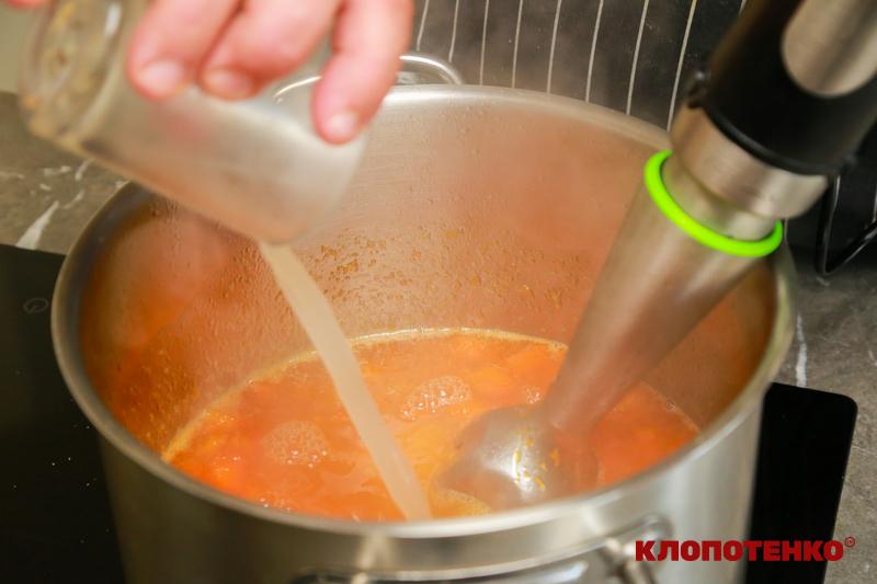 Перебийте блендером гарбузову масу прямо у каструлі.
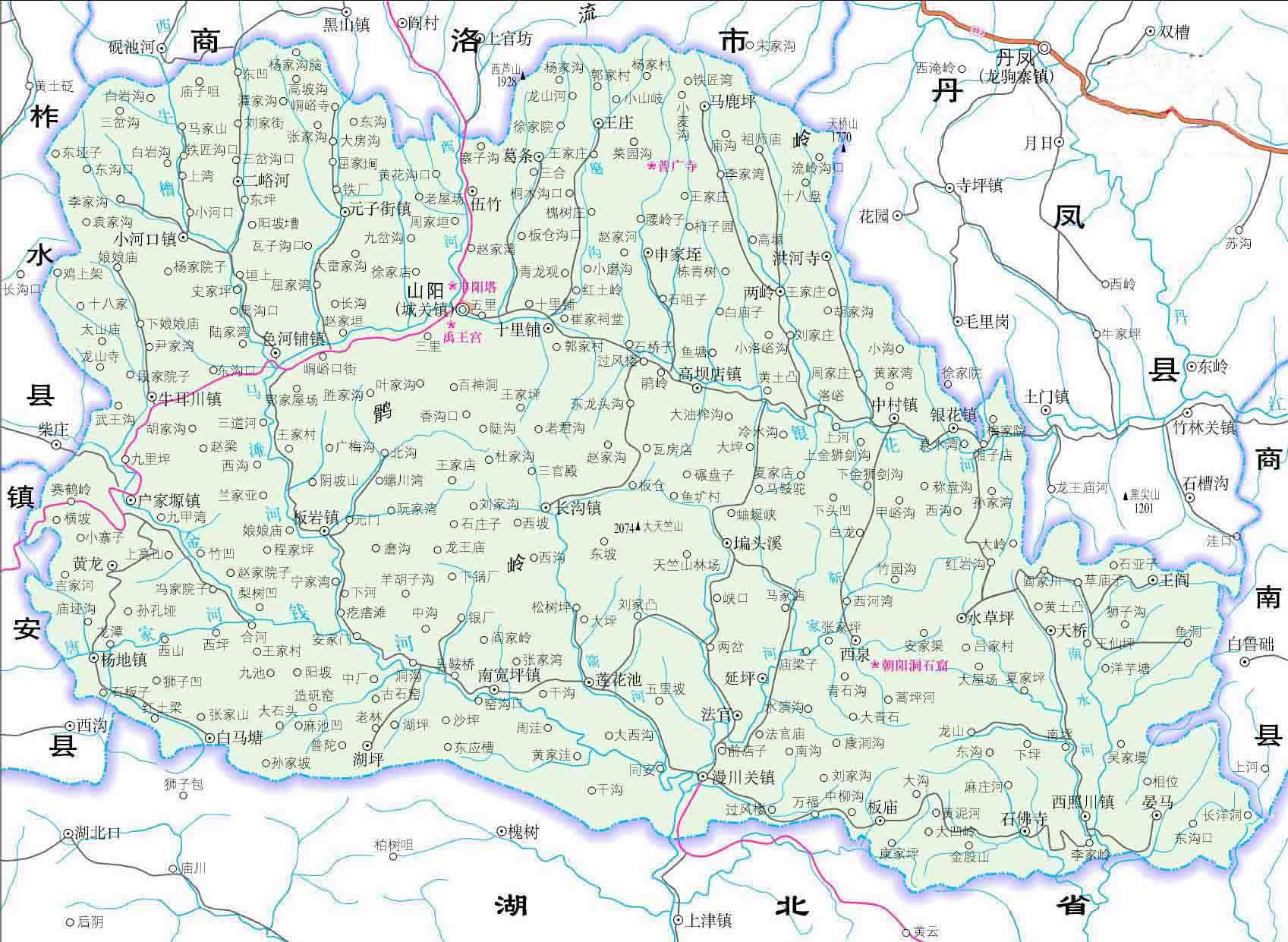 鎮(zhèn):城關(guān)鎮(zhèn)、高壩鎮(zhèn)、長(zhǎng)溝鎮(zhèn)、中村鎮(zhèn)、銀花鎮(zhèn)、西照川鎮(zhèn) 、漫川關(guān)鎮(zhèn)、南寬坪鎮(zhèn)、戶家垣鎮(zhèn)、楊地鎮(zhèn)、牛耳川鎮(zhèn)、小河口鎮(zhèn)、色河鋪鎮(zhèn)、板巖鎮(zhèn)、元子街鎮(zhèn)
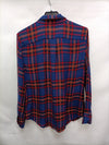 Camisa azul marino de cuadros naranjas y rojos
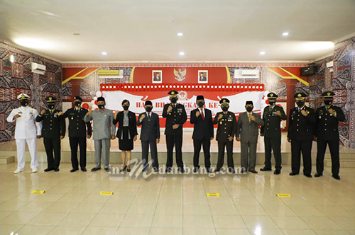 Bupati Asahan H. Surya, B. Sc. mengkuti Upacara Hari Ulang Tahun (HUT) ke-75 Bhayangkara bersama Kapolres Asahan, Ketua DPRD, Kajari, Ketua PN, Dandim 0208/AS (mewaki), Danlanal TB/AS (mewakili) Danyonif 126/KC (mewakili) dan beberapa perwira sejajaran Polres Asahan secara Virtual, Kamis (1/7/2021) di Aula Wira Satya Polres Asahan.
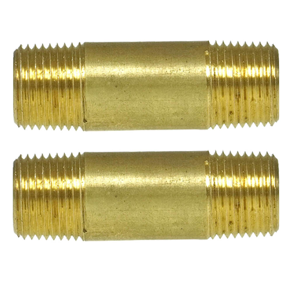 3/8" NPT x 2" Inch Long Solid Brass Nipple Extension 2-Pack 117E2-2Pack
━━━
**Task description**
Give back the whole of the material exactly, with the pictures removed.

**Response**
 Перебийте блендером гарбузову масу прямо у каструлі.
 鎮(zhèn):城關(guān)鎮(zhèn)、高壩鎮(zhèn)、長(zhǎng)溝鎮(zhèn)、中村鎮(zhèn)、銀花鎮(zhèn)、西照川鎮(zhèn) 、漫川關(guān)鎮(zhèn)、南寬坪鎮(zhèn)、戶家垣鎮(zhèn)、楊地鎮(zhèn)、牛耳川鎮(zhèn)、小河口鎮(zhèn)、色河鋪鎮(zhèn)、板巖鎮(zhèn)、元子街鎮(zhèn)
 Camisa azul marino de cuadros naranjas y rojos
 Bupati Asahan H. Surya, B. Sc. mengkuti Upacara Hari Ulang Tahun (HUT) ke-75 Bhayangkara bersama Kapolres Asahan, Ketua DPRD, Kajari, Ketua PN, Dandim 0208/AS (mewaki), Danlanal TB/AS (mewakili) Danyonif 126/KC (mewakili) dan beberapa perwira sejajaran Polres Asahan secara Virtual, Kamis (1/7/2021) di Aula Wira Satya Polres Asahan.
 3/8" NPT x 2" Inch Long Solid Brass Nipple Extension 2-Pack 117E2-2Pack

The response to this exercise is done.